Jesse sat looking around at all the faces like he was memorizing everything for later, and it was impossible for Grace to tell what he was thinking, though she watched him and wondered about it a lot.

Felipe bounced one knee up and down and stared at the rug as if rugs hypnotized him.

“Pleeeeease?”

Then Rayleen opened her mouth to talk, which Grace took to be a good sign. But it didn’t take long to realize her mistake.

“I don’t know about anybody else,” Rayleen said, a sharpness in her voice that Grace had only heard Rayleen use when addressing Grace’s mom, “but I’m feeling pressured by this. I am not ready for this,” she added, glancing halfway over her shoulder in the general direction of Jesse.

Grace’s face burned, and a line of ache radiated down into her belly. Rayleen had never spoken to her in an angry tone before, and to have it happen now, in front of all these people…including somebody new…well, it was nothing short of humiliating. Tears welled up behind her eyes, but she fought hard to hide them.

She opened her mouth, but no words came out.

Felipe looked up suddenly. Right into Grace’s eyes.

“I guess I could go,” he said.

She wanted to hug and kiss him, but it all happened too fast.

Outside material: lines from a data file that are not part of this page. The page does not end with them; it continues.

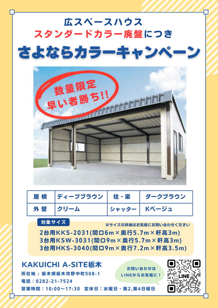 今回は広スぺースハウスのスタンダードカラー及びキャノポートのBカラーが
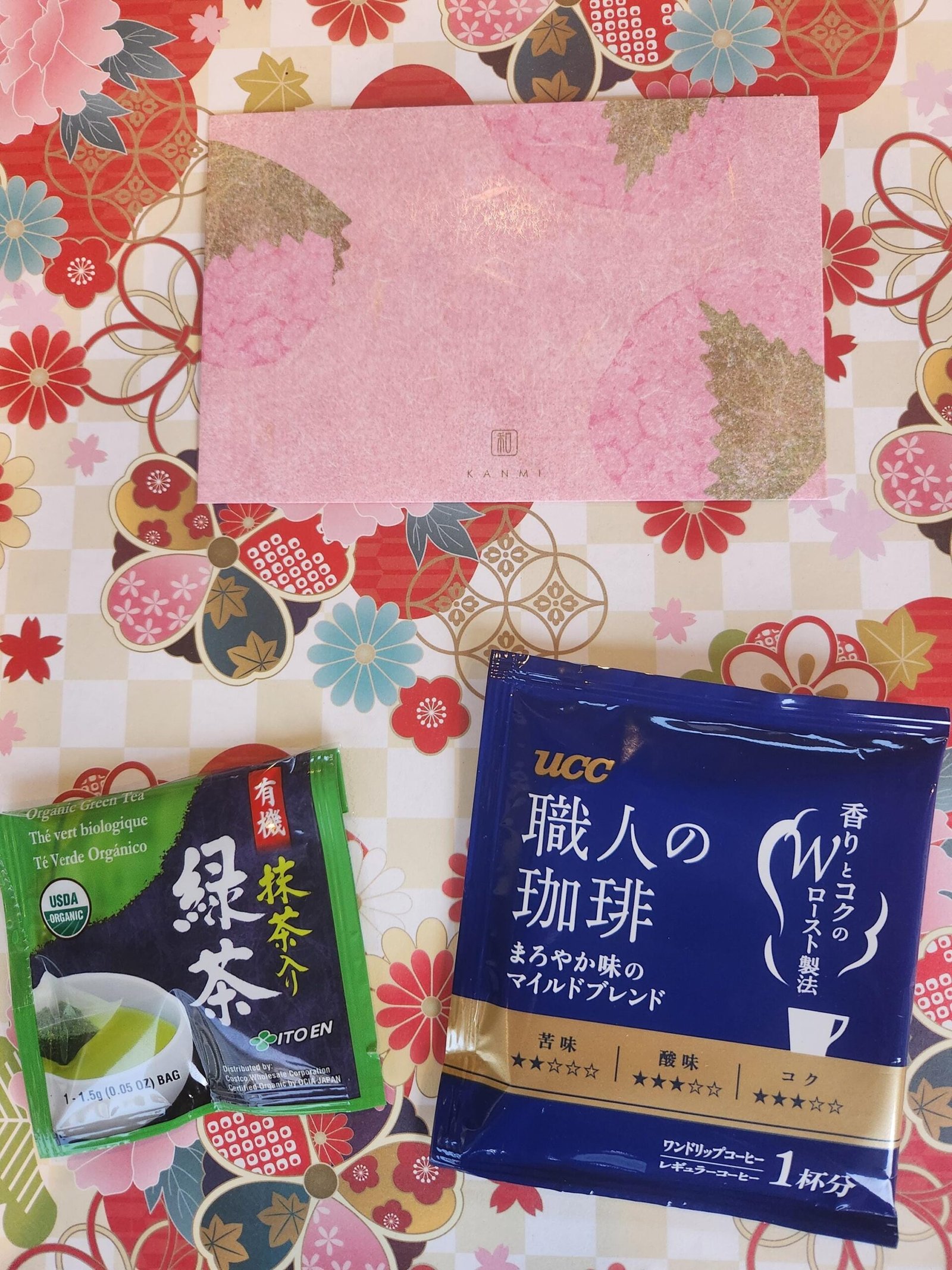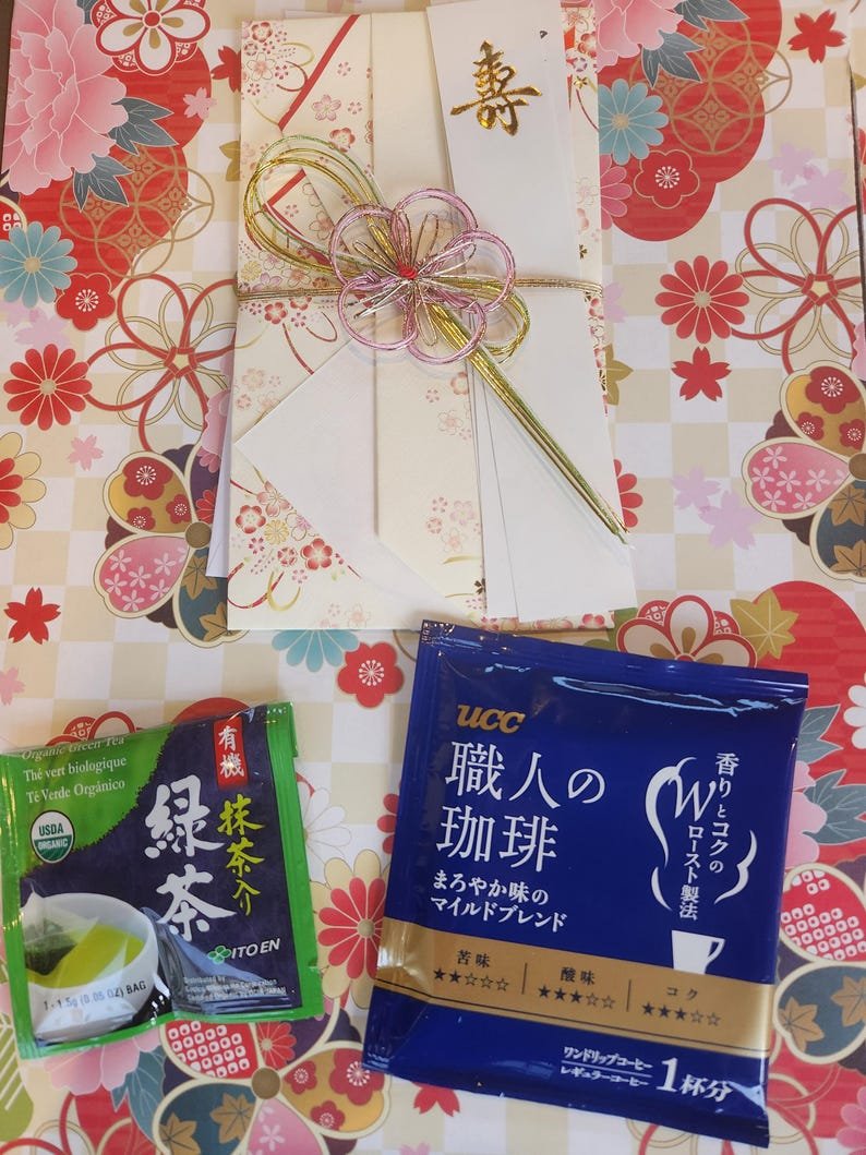 The washi paper envelope with hand-written message/2 random japanese matcha/coffee packs are an additional package
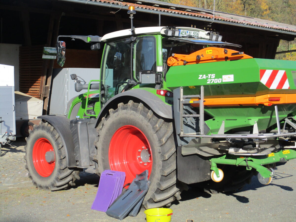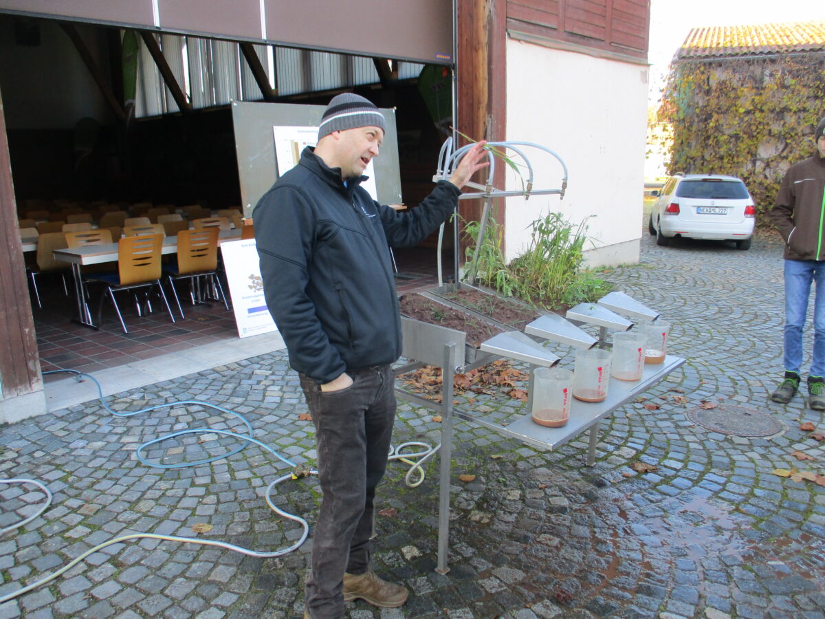 Ein Regensimulator zeigte anschaulich, wie sich Starkregenereignisse auf unterschiedliche Böden auswirken. Dabei wurde deutlich, dass unterschiedliche Bodenbedeckung (zum Beispiel bracher Acker im Vergleich zu einer Zwischenfrucht) und Bodenstruktur maßgeblich bestimmen, wie stark Erosion und Abfluss auftreten. „Starkregenereignisse haben sich über die letzten Jahre vermehrt und können große Schäden anrichten“, betonte Michael Lukas, Experte vom Amt für Ernährung, Landwirtschaft und Forsten (AELF) für den Bereich Wasser. Ergänzend wurde das digitale System „Amazone Easy Check“ vorgestellt. Mit diesem Werkzeug lässt sich die Düngerverteilung im Feld einfach und präzise überprüfen – ein Beitrag zur effizienten und ressourcenschonenden Nährstoffausbringung.

“I wasn’t alone,” Felipe said, his accent thicker than usual, which Grace had noticed before, usually when he was extra-tired or feeling emotional. “I mean, until just…well…not long. Pretty much just a little while ago. A few weeks. I had a girlfriend. We were gonna get married. I gave her a ring and everything, and we had a little son. Twenty months. And then one day I get home from work, and there’s this bag by my door. It has my toothbrush in it, and the spare shirts and underwear I kept at her house. And at the very bottom is the little box with the ring in it. The engagement ring I gave her. So I guess that’s that.”

Felipe allowed a silence to fall, and…wow. It was a very silent silence.

“Did she say why?” Grace asked, reverently.

“I can’t even get through to talk to her. I left a million messages. Finally I called her sister. And so her sister says there’s another guy, and there’s been another guy for mucho tiempo. A lot of time.”

More silence.

Rayleen seemed to have forgotten her irritation. She opened her mouth to speak, and the words came out soft and helpful, the way Grace wished Rayleen had spoken to her.